Days after South Carolina confronted its past and lowered the Confederate battle flag, North Carolina will grapple with its present-day rules that determine access to the voting booth. A federal trial opening in Winston-Salem on Monday is meant to determine whether recent, sweeping changes in the state’s election laws discriminate against black voters. These changes were adopted by the Republican-dominated state legislature in 2013, immediately after the United States Supreme Court struck down the heart of the Voting Rights Act of 1965 when it ended a requirement that nine states with histories of discrimination, including North Carolina, get federal approval before altering their election laws.
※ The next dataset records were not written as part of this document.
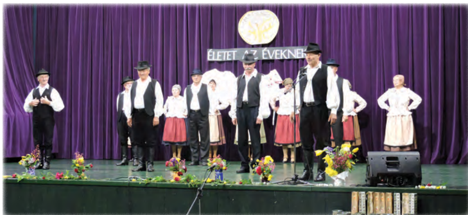
Szatmári lassú és friss csárdás – Ringató Balaton Néptánccsoport

A Nyugdíjasok Életet az éveknek Veszprém Megyei Egyesülete, a Péti Nyugdíjas Klub, valamint a Pétfürdői Községi Ház és Könyvtár közös szervezésében került sor településünkön május 13-án a Veszprém megyei néptáncfalókörre.
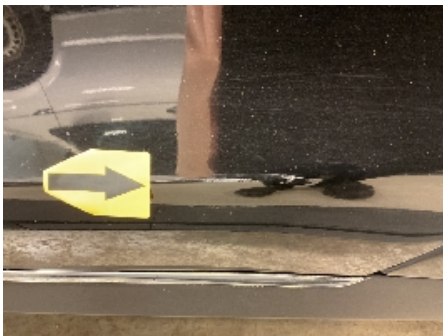
31. Lakk / karosseri utvendig
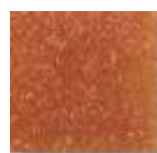
Ambar Mediano (M.8)
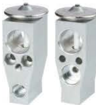
RG-58254 RCH6453 丰田新卡罗拉ALTIS TOYOTA COROLLA(NEW)ALTIS 447500-4790
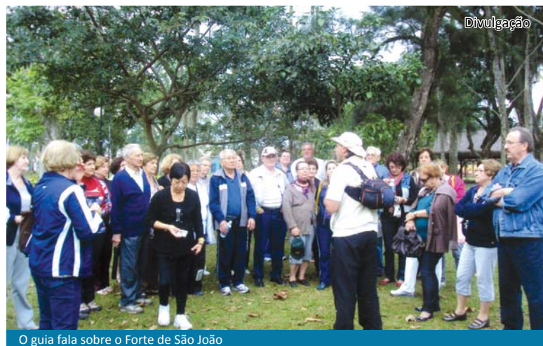
O guia fala sobre o Forte de São João

A Faculdade da Terceira Idade do curso de Educação Física das FIPA realizou uma viagem à Colônia de Férias do SESC em Bertiooga no período de 08 a 12 de agosto último. Página 09.
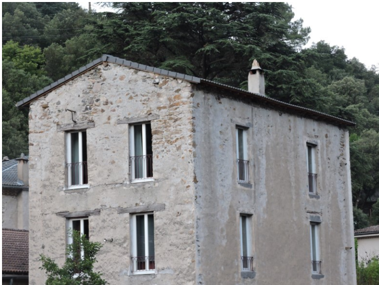
Point de vue du suivi de sortie de gîte de la colonie de pipistrelles

Concernant le deuxième cas, l'expertise a pu être finalisée en 2020. Il a été conclu que la colonie posant des problèmes de cohabitation est une colonie de pipistrelle. Il n'a pas pu être formellement identifié s'il s'agissait des pipistrelles communes ou pygmées. Ces espèces ne faisant partie des espèces d'intérêt communautaire, l'accompagnement aux aménagements n'a pas été réalisé.

But the case, as well as one involving a Texas law requiring voters to show a photo ID, could have far wider repercussions, legal experts say — helping to define the scope of voting rights protections across the country in the coming presidential election and beyond.
The contested measures in North Carolina include reduced early voting days, an end to same-day registration and an end to a program to preregister high school students. They are a far cry from the violent intimidation and poll taxes of the Jim Crow era. Still, few issues are more highly charged than voting rights in the old Confederate states, where the murder of civil rights workers and the brutal police attack on Alabama marchers galvanized Congress to pass the 1965 act, and the trial is fanning old emotions.
“This is our Selma,” said William J. Barber II, president of the North Carolina N.A.A.C.P., of the election changes in the state. His group brought the lawsuit, alongside the League of Women Voters, a group of college students and the Department of Justice.
The Justice Department and other plaintiffs argue that the discriminatory effect was so clearly intentional that North Carolina should again be required to submit voting proposals for federal approval.